Its interesting how certain messages in life come to you at the exact moment you need them, and it always seems that they tend to get louder and louder every time they speak to you. If you have no idea what I mean or am talking about, let me explain. It is no secret that there are multiple stories (eh hem, Sandra Bullock/Jesse James, Tiger Woods, Brad Pitt) about infidelity, divorce, deceit and unfaithfulness in the media. It seems that every week there is a new couple that TV shows and magazines focus on; who cheated, who stole, who broke someone's heart, etc. What the heck is going on? Why are people doing such hurtful awful things? I started thinking about this, way back when all of the madness seemed to call out to me in some way in my own life as well.
I recently attended a church service in where the sermon talked about how many husbands and wives get divorced every year and that we are "missing it." About a week later, a friend recently told me that over 200,000 marriages will end every year before the first two years. And just the other day, I read an article in Psychology Today talking about marriage, expectations, love and our association to it and that we have it a bit backwards. I am starting to see a pattern and a trend, something that the vast majority of Americans tend to miss (I think).
I am beginning to realize that love, marriage and family is not what you see in the movies. It is not what you see on TV. It is not perfect, but actually completely imperfect, which is the biggest paradox of all. Our generation has been tricked. We have set ourselves up with crazy expectations and standards for our mates and our lives. The beautiful romantic movies and love stories we read about have us believing in perfect love. You see, before we even meet the person of our dreams, we have already clearly defined their roles and what they are going to do for us. We have outlined how they are going to fill our needs and live up to our expectations. SHAME ON US! How does this concept allow any two people to ever create anything together that is not located in the tiny box that we have created? We might not even know we have met the person of our dreams because we are too busy trying to match them up to the person we created in our heads. I think it all comes down to expectations.
I am someone who LOVES to look forward to things. I create these exciting little experiences in my head that I play out before even really experiencing them. Its fun, it gets me through my day, and I thrive on the enthusiasm of it. I am realizing, however, it is unrealistic to expect people in my life to live up to this tiny world that exists in my head.

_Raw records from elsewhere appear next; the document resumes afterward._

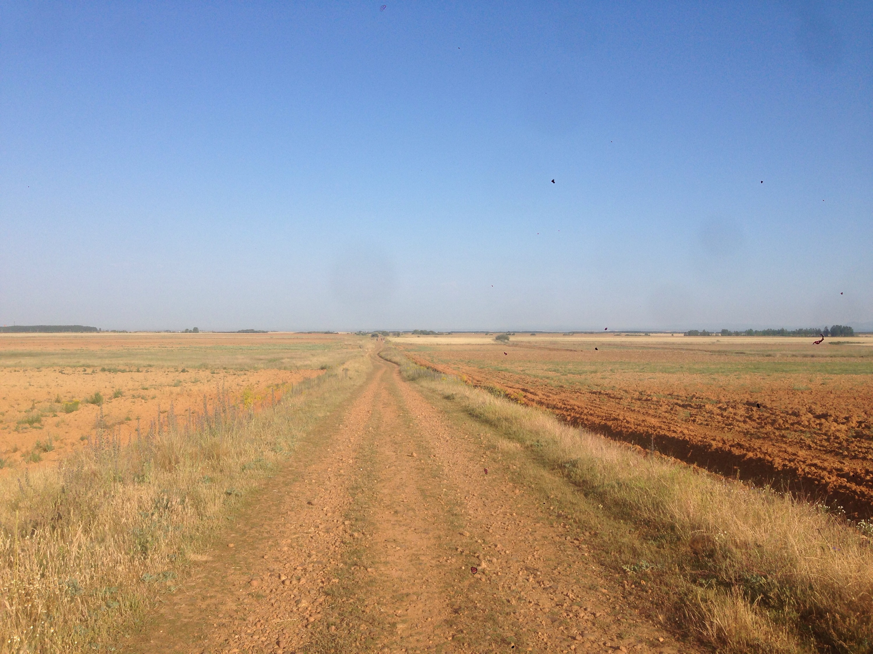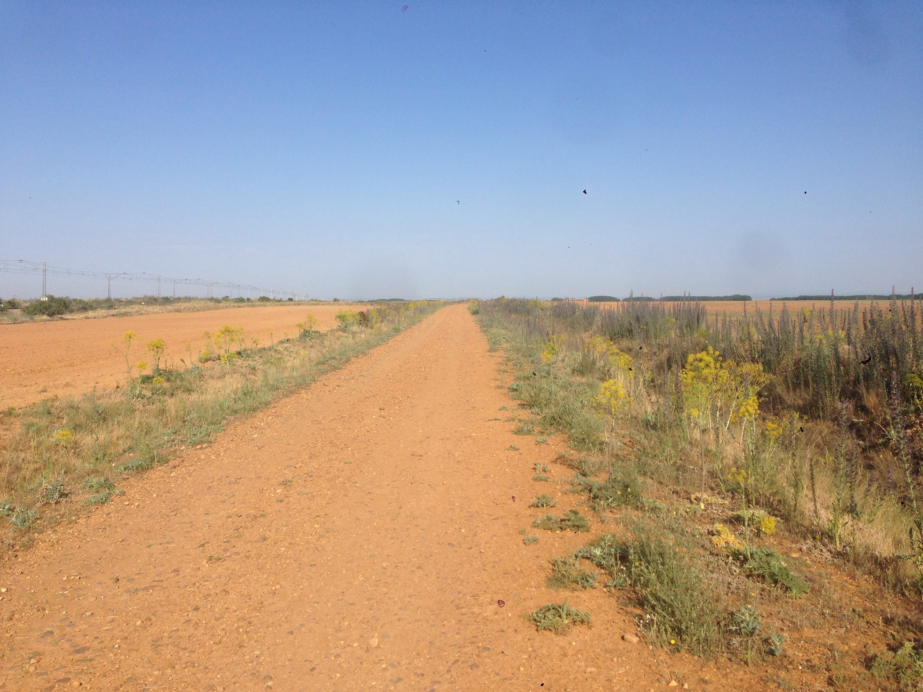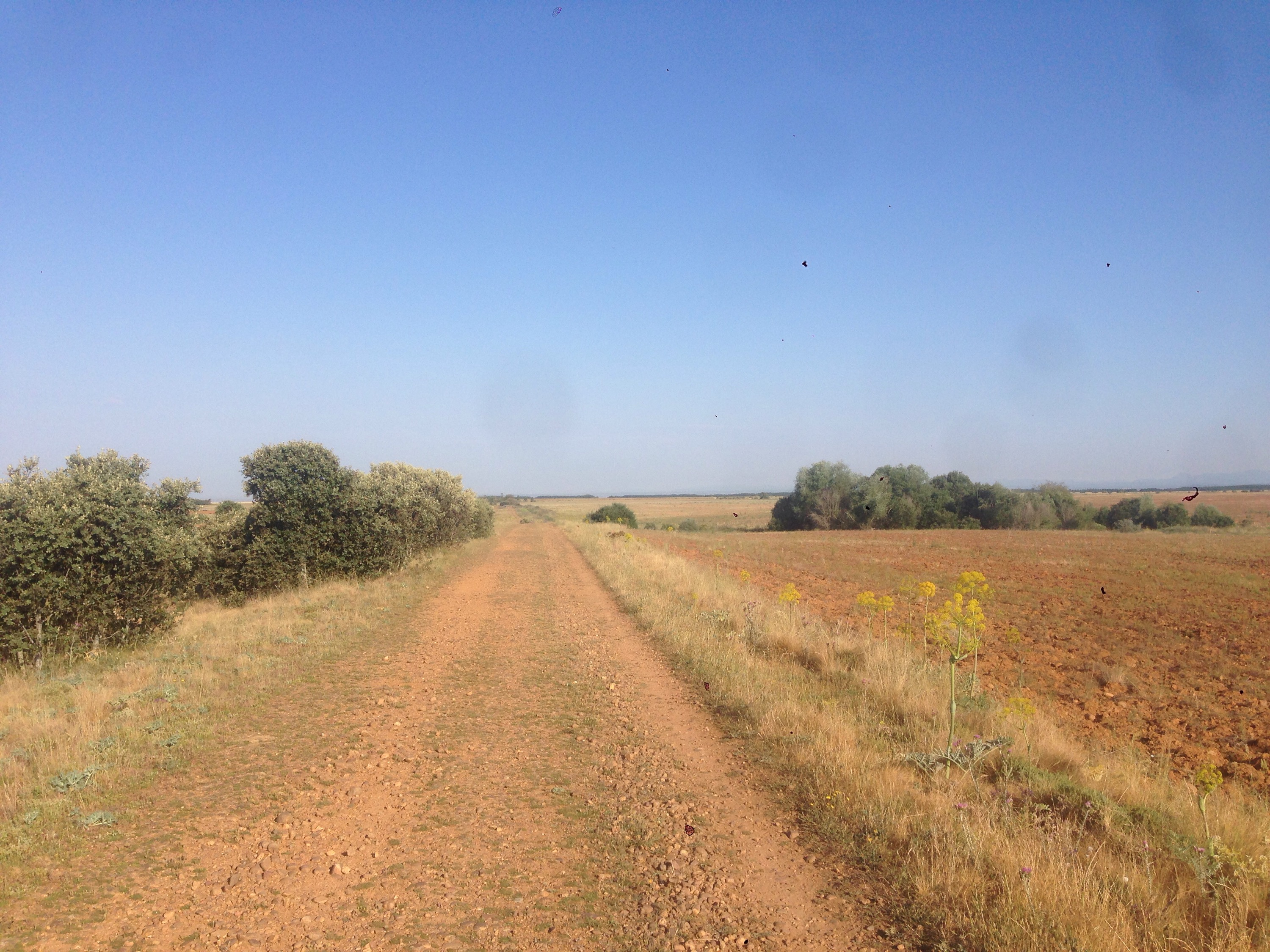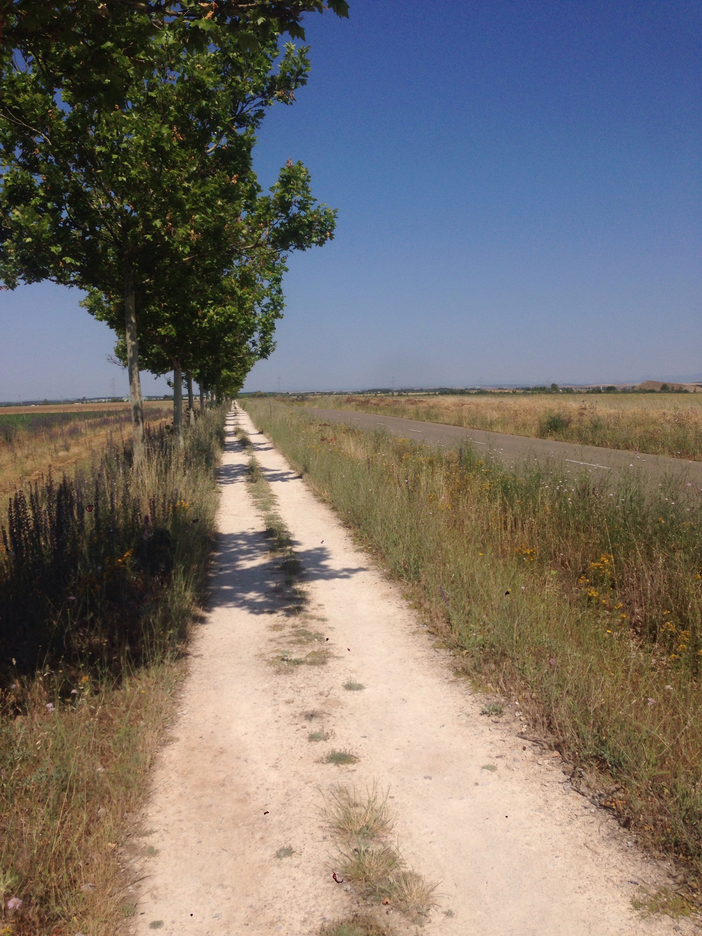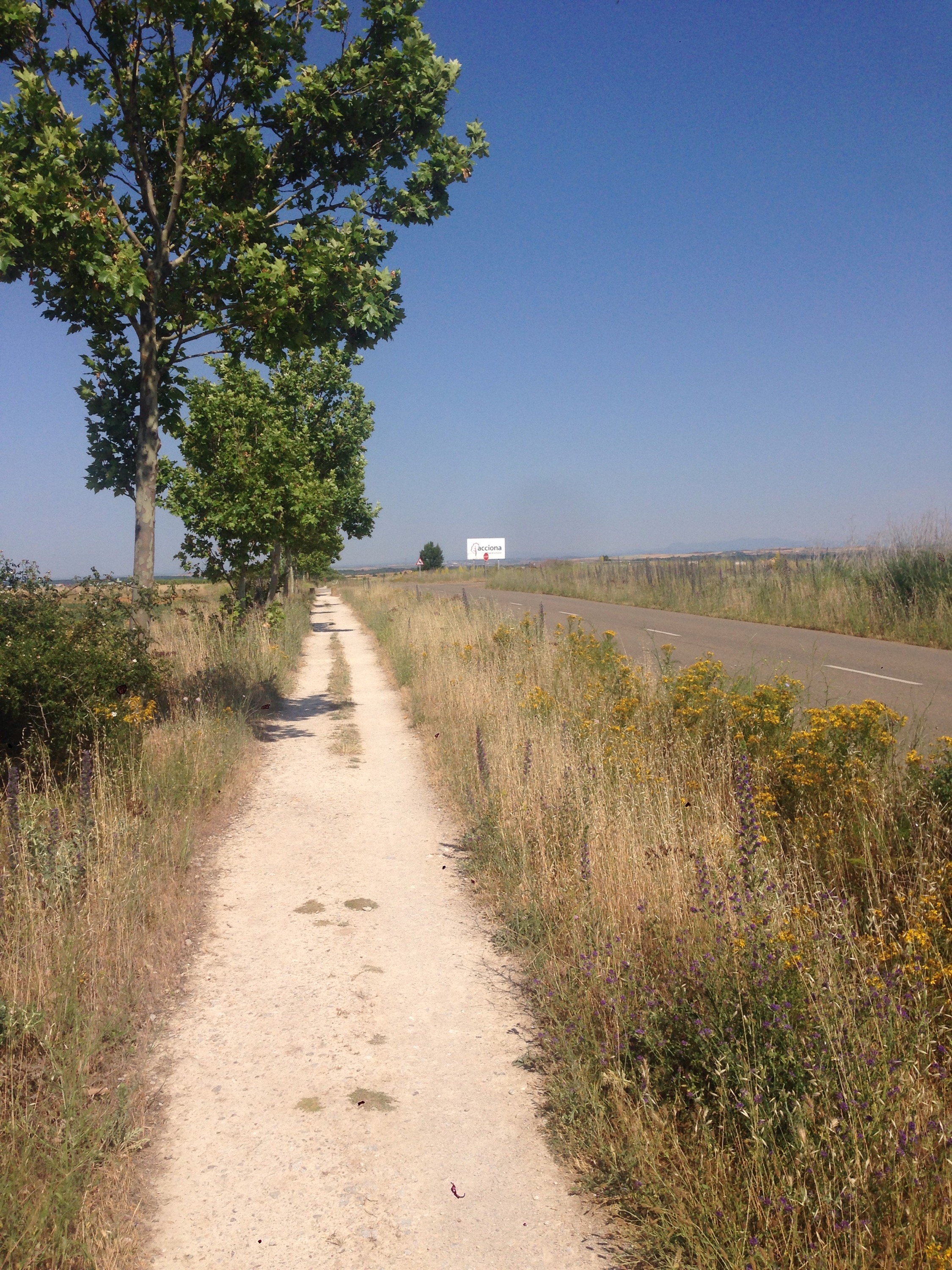 The path between Reliegios and Mansilla was along a very bright white senda beside a very quiet road.
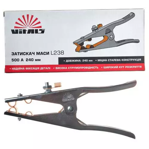 Затискач маси Vitals L238 500A — це необхідний аксесуар для проведення зварювальних робіт. Основна функція затискача — надійне з’єднання джерела живлення та деталі, що зварюється завдяки міцній конструкції в поєднанні з потужною пружиною.
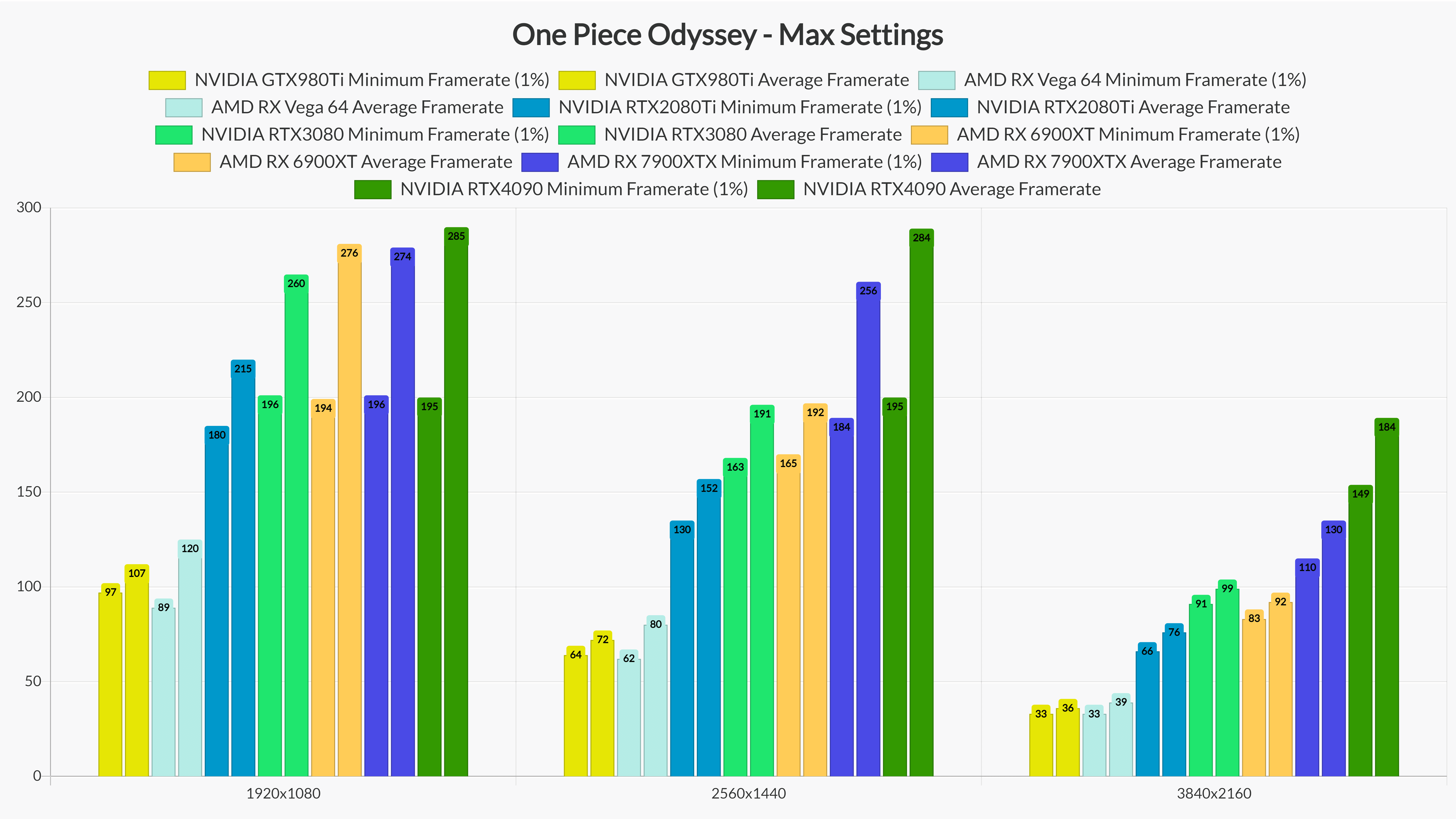 At 1440p/Max Settings, even the NVIDIA GTX980Ti and the AMD Radeon RX Vega 64 could provide a smooth gaming experience. And as for 4K/Max Settings, the RTX2080Ti, RTX3080, RTX4090, RX6900XT and RX7900XTX had no trouble at all pushing constant 60fps.
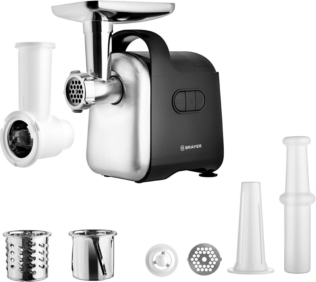 Отзывы на Мясорубка BRAYER BR1602, 2000 Вт, реверс, насадки кеббе, колбасы, овощей, отсек для храненения, 2 диска, черный

So, what is my point? Each of us are different, and that is what makes love, life and creating life with someone so beautiful and mysterious. We don't know what is around the corner, and we cannot expect that our partners will know either. We need to communicate from a place of indifference with people, with a calm curiosity for another point of view, and appreciate that they come from a different place. This is how we grow and learn to become better people. Recognize that the only person who knows what you need, is YOU. Remember that you have all the tools to fill every need that you have, and the rest is all the icing.
Someone once told me that we shouldn't take life too seriously because none of us make it out alive anyway. At the end of it all, I want to look back on a beautiful, unexpected, mysterious dance that I created with the people and person that I love and the pieces of life I took from each one. We are the only ones in charge of our own happiness, and everyday it is a choice.
My choice is to journey on, love from a place that is completely selfless and expect only the unexpected.